We get an overlay of the stock movement during the time period, and there is also visualized the short-term SMA curve and the long-term SMA curve. The short-term SMA curve is the black curve, and the long-term SMA curve is the green curve in the graph. With these curves, we are able to comment on the trend by using the theory of the golden cross.
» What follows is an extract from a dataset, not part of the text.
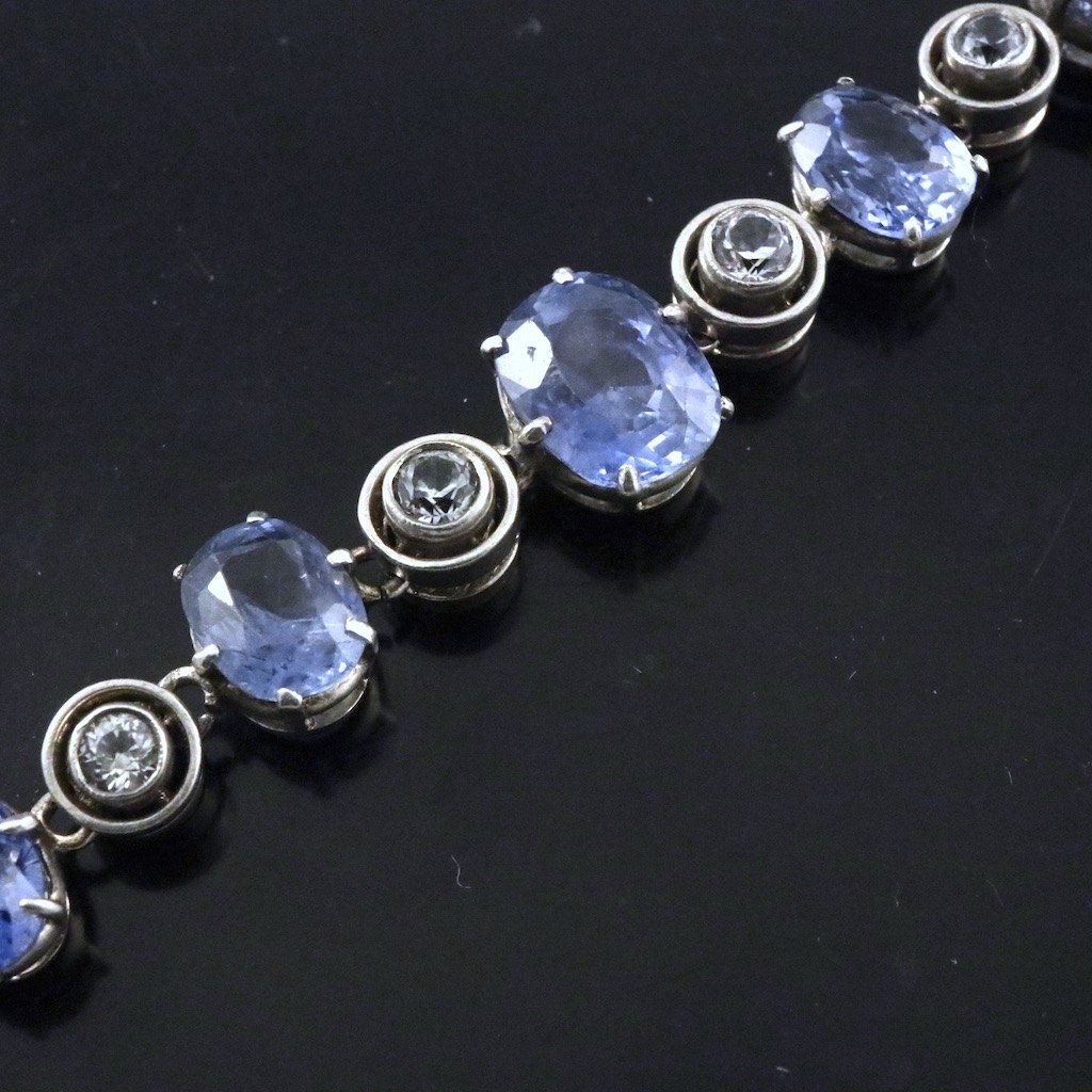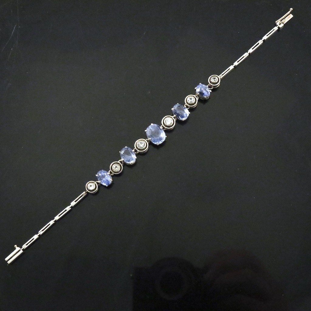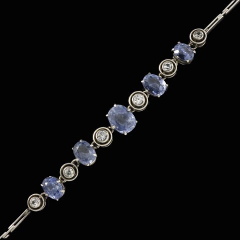 Armbånd 14k hvidguld med diamanter og Ceylonsafirer.

The golden cross is a chart pattern that can indicate when a stock has a growing or decanting trend (Hayes, 2021). In other words, we have the golden cross when the short-term SMA crosses the long-term SMA in an upwards trend. We can see this instance on October 10th, 2019, and we can see that the stock did indeed have a growing trend after this. Furthermore, we can see from the graph that both the short-term SMA and the long-term SMA have either an upward trend or a stable trend. If we take a closer look at the final year in the graph, it may look like the short-term SMA has an upward trend, whilst the long-term SMA has a stable trend. If this is the case, we may see another golden cross in the future for the stock. From the initial analysis of the stock, we get an indication that the stock has a growing trend.

For further analysis, we will now look at the decomposed closing price for Amazon stock. We do this in order to get a better understanding of the stock movement, and to see the trend of the stock, the seasonal pattern, and if there are random factors that have affected the stock’s movement. In the graph under, we get an overview of the different factors that may affect the closing price for the stock.

plot(dc)

From the graph, we can see that there is indeed a growing trend for the stock, and this growth has been relatively steady for the past six years. Furthermore, we can see that the stock has a seasonal trend. We can see that the stock tends to be at its peak during the summer season and that the best time to sell the stock is during the start of the year. An interesting factor we can take a closer look at is the random fluctuation. We can see a clear descend in the stock during the month of February 2020. This is easily explained by the covid-19 pandemic, and this had a big effect on the stock price. We can also see this decent in the first graph, where we can see a dip in the stock price during the same period. This fluctuation is something that we have to take into consideration when we fit our forecasting model.

The last thing we will look at in this part is the logarithmic closing price and the differentiated logarithmic closing price. These values are the main values that our forecasting will be based on, and this is because we take away the seasonal factors or growth factors that may affect our predictions. In the graph below we can see a visualisation of both of the values.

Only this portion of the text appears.